Cruz, weary from a primary that has stretched far longer than his advisers had anticipated, has tried to use Indiana’s primary to show signs of continued viability. He announced that former rival Carly Fiorina would be his running mate during an Indianapolis rally. He picked up the endorsement of Indiana Gov. Mike Pence, a shrewd operator whose backing was seen as sign Cruz was likely to win the Hoosier State. And his top aides convinced Ohio Gov. John Kasich—who stands an even more improbable route to the nomination than Cruz—to cede the state entirely.

“Senator Cruz has spent two full weeks here in Indiana,” said Indiana Family Institute President Curt Smith, a Cruz adviser. “We can do this. We can turn this around.”

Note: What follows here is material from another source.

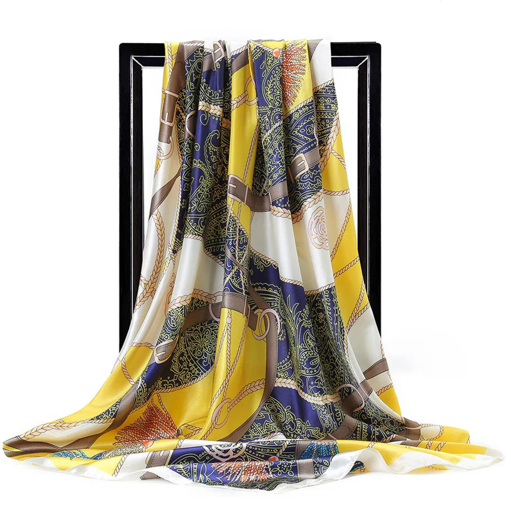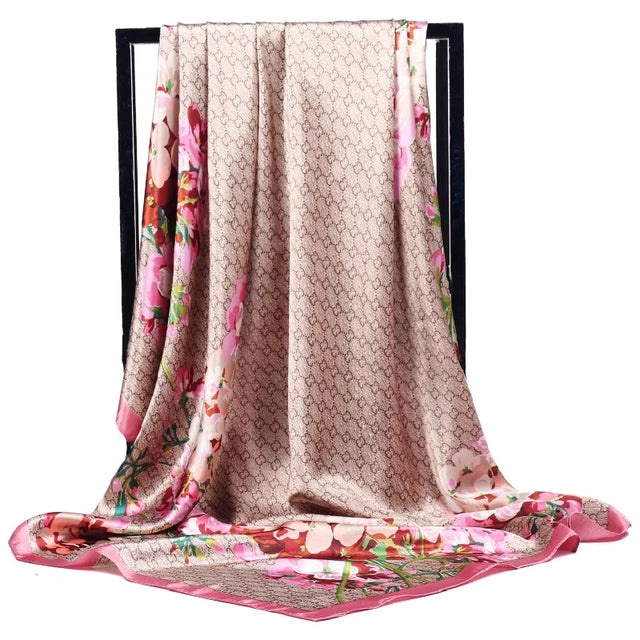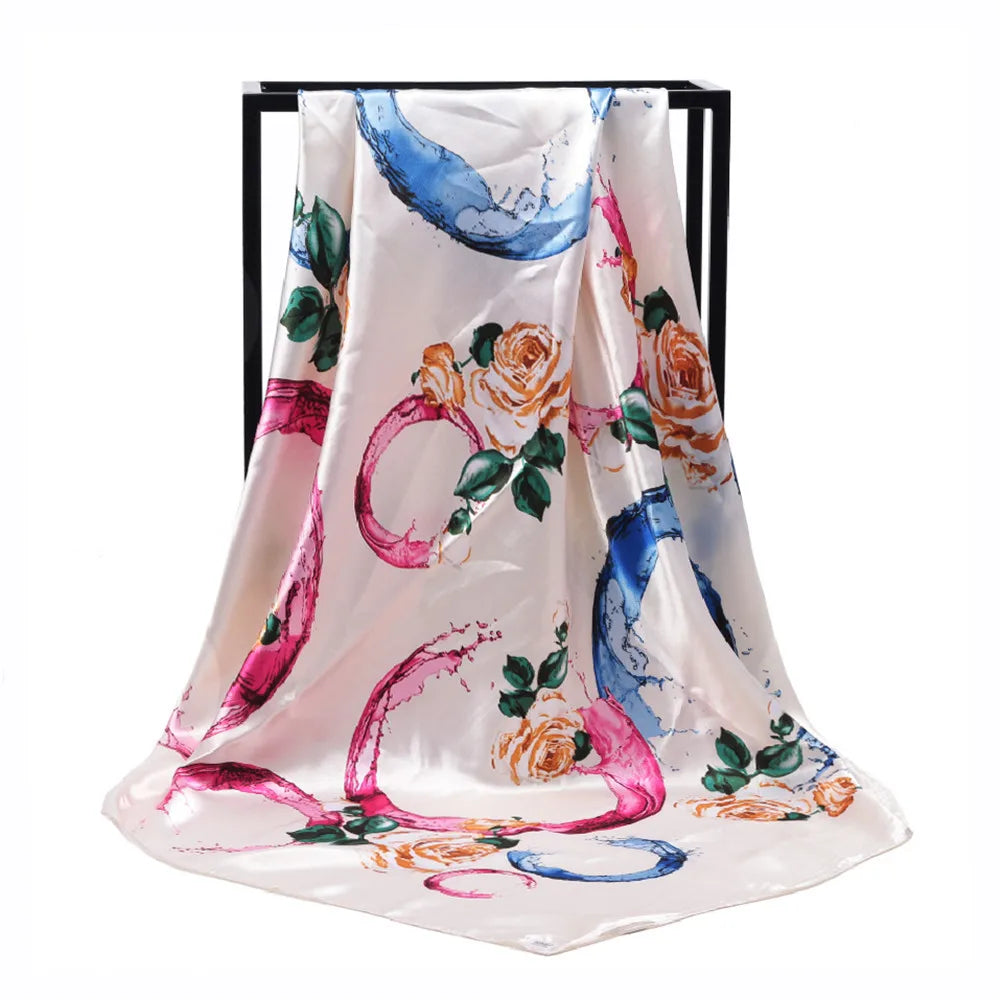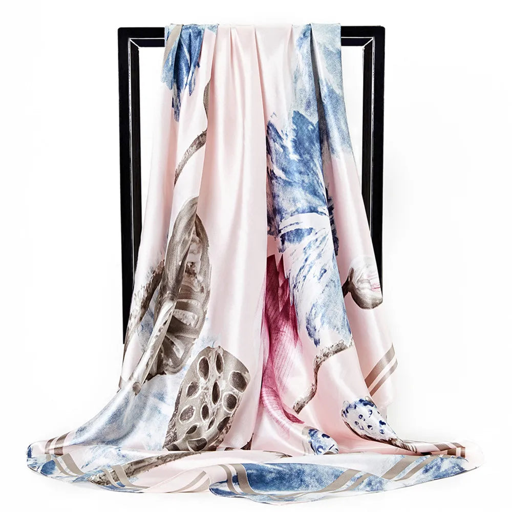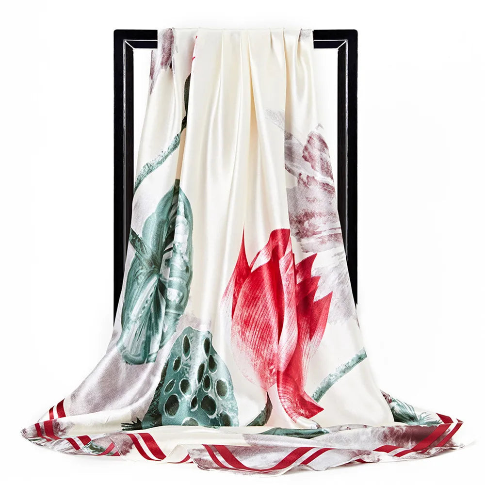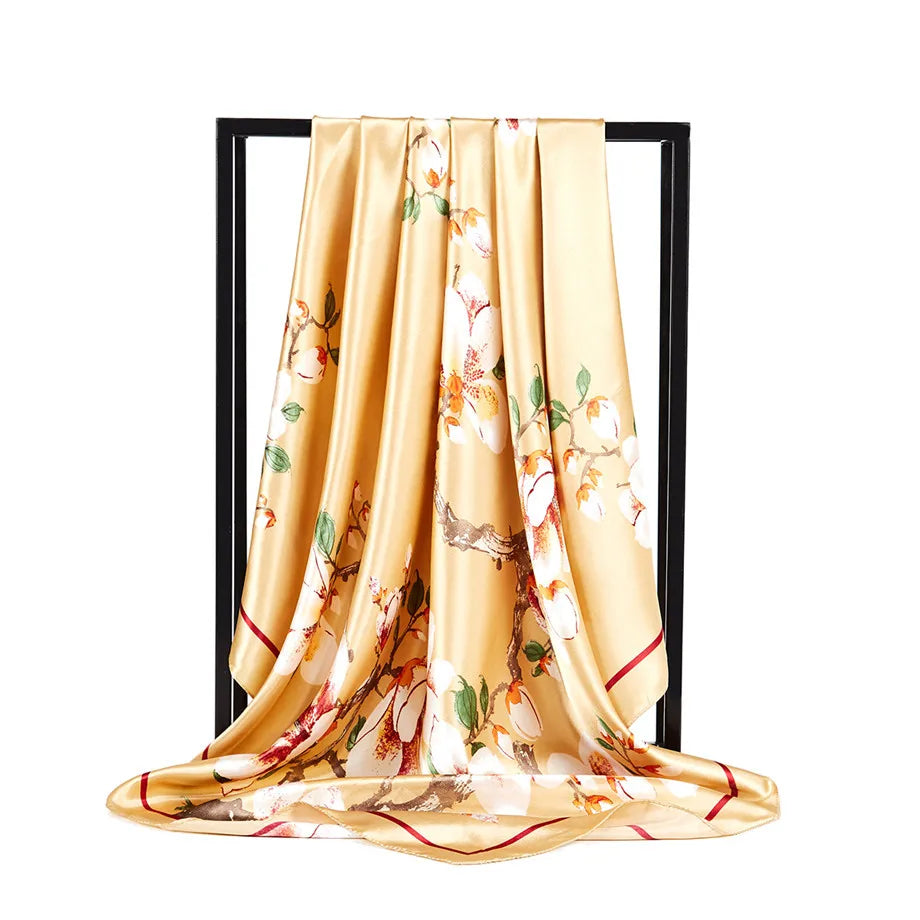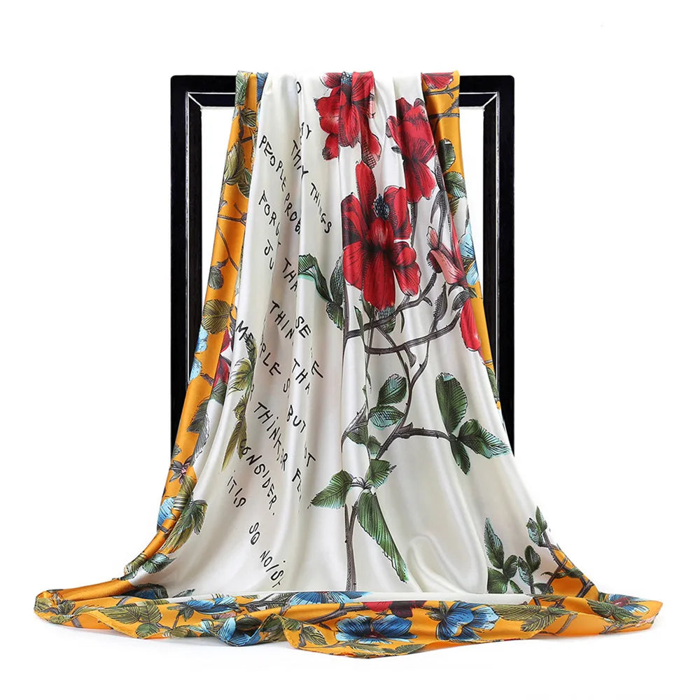 Luxury Silk Head Scarf Women Summer Foulard Satin Square Head Hijab Scarfs For Ladies Brand Shawls 90*90 Silk Scarf Muslim Hijab

It’s clear Indiana has become a win-or-eye-an-exit moment for Cruz’s campaign. That helps to explain why Cruz’s schedule on Monday includes five events—including two organized and funded through a nominally independent super PAC—and Fiorina appearing at five of her own.

It’s a frenetic pace that has left Cruz exhausted. “Eyes are fixed on the state of Indiana. The people of this good state, the people of the country are depending on you to pull us back from the brink,” he said at a late Sunday night rally in a city of just 22,000 residents. “Bring common sense and good judgment.”

Cruz is looking for votes in every pocket he can find to help him justify his candidacy. He was set to start his Monday in a café in Osceola, population 2,500.